Biggest drop in almost 10 years for new vehicle sales

Biggest drop in almost 10 years for new vehicle sales

The carmaker - now owned by France's PSA Groupe, which also makes Peugeots and Citroens - said at the time that the move was not because of Brexit, but was instead to bring costs down in line with its "benchmark" factories in France.

New vehicle sales dropped 5.7 percent in 2017 and are set to fall even further in 2018, according to industry body the Society for Motor Manufacturers and Traders (SMMT).

SMMT chief executive Mike Hawes said the drop in diesel sales was "the prime cause" of the rise in Carbon dioxide emissions and that the latest low-emission diesels were "vital" in meeting climate change targets.

Sales have not fallen on this scale since 2009.

"The average Carbon dioxide figure for cars registered in 2016 was 120.1g/km, which rose to 121.04% in 2017; last year is the first year since records began in 2002 that the figure has risen year-on-year". Those to business users fell by 7.7 per cent.

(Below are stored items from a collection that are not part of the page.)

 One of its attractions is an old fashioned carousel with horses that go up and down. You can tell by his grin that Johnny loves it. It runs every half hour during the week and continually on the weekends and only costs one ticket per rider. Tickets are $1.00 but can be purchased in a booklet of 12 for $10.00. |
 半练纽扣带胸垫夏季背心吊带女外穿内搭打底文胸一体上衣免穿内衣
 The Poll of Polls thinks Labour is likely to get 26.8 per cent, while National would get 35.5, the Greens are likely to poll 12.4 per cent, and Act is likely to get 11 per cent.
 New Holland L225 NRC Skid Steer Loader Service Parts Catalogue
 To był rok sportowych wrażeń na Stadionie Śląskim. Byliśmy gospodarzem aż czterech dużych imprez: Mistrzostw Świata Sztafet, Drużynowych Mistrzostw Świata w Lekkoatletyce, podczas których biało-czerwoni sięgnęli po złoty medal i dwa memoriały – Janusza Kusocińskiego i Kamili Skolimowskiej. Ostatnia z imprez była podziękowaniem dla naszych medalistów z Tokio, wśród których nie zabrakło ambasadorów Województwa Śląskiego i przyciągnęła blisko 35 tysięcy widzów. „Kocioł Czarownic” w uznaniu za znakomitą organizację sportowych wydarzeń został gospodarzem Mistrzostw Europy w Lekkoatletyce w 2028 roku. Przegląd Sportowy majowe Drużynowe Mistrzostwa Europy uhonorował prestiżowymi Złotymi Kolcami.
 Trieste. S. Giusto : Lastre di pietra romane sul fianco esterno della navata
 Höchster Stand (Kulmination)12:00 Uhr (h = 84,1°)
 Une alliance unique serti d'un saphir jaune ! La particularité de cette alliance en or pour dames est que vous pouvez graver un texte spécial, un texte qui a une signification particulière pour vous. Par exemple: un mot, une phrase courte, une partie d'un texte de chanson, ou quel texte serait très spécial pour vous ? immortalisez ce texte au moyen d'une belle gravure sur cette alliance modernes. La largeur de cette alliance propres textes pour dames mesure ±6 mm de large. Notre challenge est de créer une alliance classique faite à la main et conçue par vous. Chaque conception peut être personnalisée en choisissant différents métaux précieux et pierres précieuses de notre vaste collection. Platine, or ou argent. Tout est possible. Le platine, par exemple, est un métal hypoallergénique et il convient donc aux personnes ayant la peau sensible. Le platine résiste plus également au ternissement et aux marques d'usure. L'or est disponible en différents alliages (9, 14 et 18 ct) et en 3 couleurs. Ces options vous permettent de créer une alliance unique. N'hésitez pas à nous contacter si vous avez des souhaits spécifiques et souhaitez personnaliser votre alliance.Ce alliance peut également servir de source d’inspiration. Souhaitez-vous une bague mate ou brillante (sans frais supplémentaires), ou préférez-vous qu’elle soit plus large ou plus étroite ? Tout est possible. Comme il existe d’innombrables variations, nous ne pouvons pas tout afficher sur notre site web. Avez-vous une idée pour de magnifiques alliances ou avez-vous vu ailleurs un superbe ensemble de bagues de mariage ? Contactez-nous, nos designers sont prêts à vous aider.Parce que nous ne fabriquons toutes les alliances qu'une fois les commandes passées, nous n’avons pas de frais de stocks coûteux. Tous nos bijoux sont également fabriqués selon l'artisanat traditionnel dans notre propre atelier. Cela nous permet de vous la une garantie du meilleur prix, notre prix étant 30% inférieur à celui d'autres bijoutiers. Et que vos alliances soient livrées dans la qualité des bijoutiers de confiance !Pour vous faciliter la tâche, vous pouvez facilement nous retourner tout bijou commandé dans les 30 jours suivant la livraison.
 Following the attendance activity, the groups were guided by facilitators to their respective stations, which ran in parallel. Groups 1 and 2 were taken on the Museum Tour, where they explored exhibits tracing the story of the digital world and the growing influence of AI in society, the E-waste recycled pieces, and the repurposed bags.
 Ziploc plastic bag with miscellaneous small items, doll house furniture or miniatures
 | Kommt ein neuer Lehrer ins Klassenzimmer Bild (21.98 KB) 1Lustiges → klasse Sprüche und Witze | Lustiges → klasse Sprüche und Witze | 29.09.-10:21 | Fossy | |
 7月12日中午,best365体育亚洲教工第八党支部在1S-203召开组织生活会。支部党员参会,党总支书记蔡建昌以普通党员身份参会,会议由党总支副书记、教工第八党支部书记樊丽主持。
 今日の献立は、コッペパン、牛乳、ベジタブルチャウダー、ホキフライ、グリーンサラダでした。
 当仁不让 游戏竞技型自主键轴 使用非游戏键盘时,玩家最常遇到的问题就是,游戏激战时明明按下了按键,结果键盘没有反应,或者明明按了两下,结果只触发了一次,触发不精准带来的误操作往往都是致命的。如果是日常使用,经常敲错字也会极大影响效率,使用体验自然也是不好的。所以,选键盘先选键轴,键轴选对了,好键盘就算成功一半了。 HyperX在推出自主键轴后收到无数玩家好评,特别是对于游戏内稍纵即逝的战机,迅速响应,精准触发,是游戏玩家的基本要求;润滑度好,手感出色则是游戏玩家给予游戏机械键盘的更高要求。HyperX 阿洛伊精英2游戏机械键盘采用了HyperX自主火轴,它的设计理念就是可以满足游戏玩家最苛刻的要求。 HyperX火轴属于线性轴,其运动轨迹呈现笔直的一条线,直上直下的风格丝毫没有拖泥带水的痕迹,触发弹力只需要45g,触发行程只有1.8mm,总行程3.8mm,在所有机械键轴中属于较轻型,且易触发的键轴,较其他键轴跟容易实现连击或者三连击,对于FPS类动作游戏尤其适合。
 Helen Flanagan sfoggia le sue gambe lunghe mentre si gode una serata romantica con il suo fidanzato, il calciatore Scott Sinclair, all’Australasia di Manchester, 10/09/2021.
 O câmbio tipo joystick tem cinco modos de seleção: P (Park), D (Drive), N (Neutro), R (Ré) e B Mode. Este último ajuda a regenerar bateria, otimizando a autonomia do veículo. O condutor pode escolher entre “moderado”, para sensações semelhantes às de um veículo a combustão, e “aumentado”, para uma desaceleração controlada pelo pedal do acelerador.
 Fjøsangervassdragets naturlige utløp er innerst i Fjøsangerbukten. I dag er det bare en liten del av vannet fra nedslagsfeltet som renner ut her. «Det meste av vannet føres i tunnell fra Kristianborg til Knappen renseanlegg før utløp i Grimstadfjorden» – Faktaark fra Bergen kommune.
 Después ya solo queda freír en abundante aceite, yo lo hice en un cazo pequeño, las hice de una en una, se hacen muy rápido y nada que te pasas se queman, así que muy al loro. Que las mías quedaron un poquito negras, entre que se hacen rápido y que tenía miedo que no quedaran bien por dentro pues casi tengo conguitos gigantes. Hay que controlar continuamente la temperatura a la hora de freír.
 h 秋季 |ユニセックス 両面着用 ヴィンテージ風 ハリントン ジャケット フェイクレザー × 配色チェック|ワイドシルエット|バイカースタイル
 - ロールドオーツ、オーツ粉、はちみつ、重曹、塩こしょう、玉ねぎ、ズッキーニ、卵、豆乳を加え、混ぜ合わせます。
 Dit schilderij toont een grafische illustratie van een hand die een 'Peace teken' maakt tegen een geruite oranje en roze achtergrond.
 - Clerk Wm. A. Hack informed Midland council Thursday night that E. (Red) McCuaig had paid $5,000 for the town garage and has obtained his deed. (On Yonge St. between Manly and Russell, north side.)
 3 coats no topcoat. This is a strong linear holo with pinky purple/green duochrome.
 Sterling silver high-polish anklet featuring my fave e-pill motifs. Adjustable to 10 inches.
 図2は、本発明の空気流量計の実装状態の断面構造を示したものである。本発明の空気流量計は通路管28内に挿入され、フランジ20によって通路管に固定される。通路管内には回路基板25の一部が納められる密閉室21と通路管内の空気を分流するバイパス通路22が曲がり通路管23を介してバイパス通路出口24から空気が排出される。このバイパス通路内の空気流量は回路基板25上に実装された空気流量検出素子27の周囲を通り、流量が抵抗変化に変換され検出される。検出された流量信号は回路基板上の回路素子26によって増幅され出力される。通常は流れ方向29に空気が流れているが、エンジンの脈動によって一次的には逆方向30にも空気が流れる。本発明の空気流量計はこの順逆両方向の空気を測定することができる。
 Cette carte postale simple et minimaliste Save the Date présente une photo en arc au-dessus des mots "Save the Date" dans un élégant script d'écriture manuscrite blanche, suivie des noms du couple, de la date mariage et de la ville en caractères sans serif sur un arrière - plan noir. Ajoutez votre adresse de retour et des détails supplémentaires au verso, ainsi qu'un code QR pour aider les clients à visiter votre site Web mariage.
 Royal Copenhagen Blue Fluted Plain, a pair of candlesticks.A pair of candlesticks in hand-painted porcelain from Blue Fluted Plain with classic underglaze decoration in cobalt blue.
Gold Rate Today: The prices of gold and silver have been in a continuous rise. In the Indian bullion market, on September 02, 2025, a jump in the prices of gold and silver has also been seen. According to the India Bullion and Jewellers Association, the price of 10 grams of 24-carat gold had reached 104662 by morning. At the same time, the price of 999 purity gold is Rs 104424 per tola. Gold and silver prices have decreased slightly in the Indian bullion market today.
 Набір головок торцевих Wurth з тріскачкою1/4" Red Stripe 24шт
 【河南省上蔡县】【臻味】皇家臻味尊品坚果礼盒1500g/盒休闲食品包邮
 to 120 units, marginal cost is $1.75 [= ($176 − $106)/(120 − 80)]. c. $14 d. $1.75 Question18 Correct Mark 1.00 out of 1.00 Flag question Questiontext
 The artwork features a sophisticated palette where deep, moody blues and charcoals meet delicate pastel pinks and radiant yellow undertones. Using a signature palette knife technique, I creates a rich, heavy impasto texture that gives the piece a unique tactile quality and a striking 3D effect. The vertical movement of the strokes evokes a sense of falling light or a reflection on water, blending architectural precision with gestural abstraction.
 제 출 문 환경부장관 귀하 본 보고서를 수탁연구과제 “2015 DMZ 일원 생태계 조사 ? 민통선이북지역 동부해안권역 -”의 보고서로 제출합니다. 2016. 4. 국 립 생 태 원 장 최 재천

If there is no clarity by the end of March they will have to start implementing "contingency plans" which could harm funding for United Kingdom operations, he added.

But buyers are still shying away from buying new diesels cars - and even green electric alternatives - because of confusion, according to data from digital analytics company Sophus3, which examines vehicle manufacturer and automotive media web traffic.

It called for clarity "now", and for the United Kingdom and European Union to confirm a transition agreement and a timescale for its implementation, in order to save jobs.

Biggest drop in almost 10 years for new vehicle sales
Biggest drop in almost 10 years for new vehicle sales

The SMMT particularly blamed a decline in consumer and business confidence, and a sharp fall in diesel sales, for the most recent fall in new vehicle registrations.

Hawes added that worries about the future of diesel, following high profile emissions scandals had fuelled the backlash against diesel cars.

New vehicle registrations have tumbled by 5.6 per cent in 2017 - the first time the United Kingdom automotive industry has seen this in six years.

"Diesel has suffered from confusion among consumers about its environmental impact, but we believe there is increasing clarity about the benefits of the latest engines", said Hawes. "The Government should stop the negativity around diesel... any drop in the market is a drop in revenues [for the Government]".

"This is bad for the industry and bad for the environment", he said.

Sales of so-called alternative fuel vehicles, which include hybrids and pure electric vehicles, were up by 4.7 per cent, from a low base, to some 119,000 cars in 2017.

Out of the 2.5 million vehicles sold in the United Kingdom in 2017, just 13,500 were battery electric, he said.

Mr Hawes called for "consistent support over infrastructure" to see an improvement, and praised the Chancellor for announcing the funding of £400m for new charging points in last November's Budget.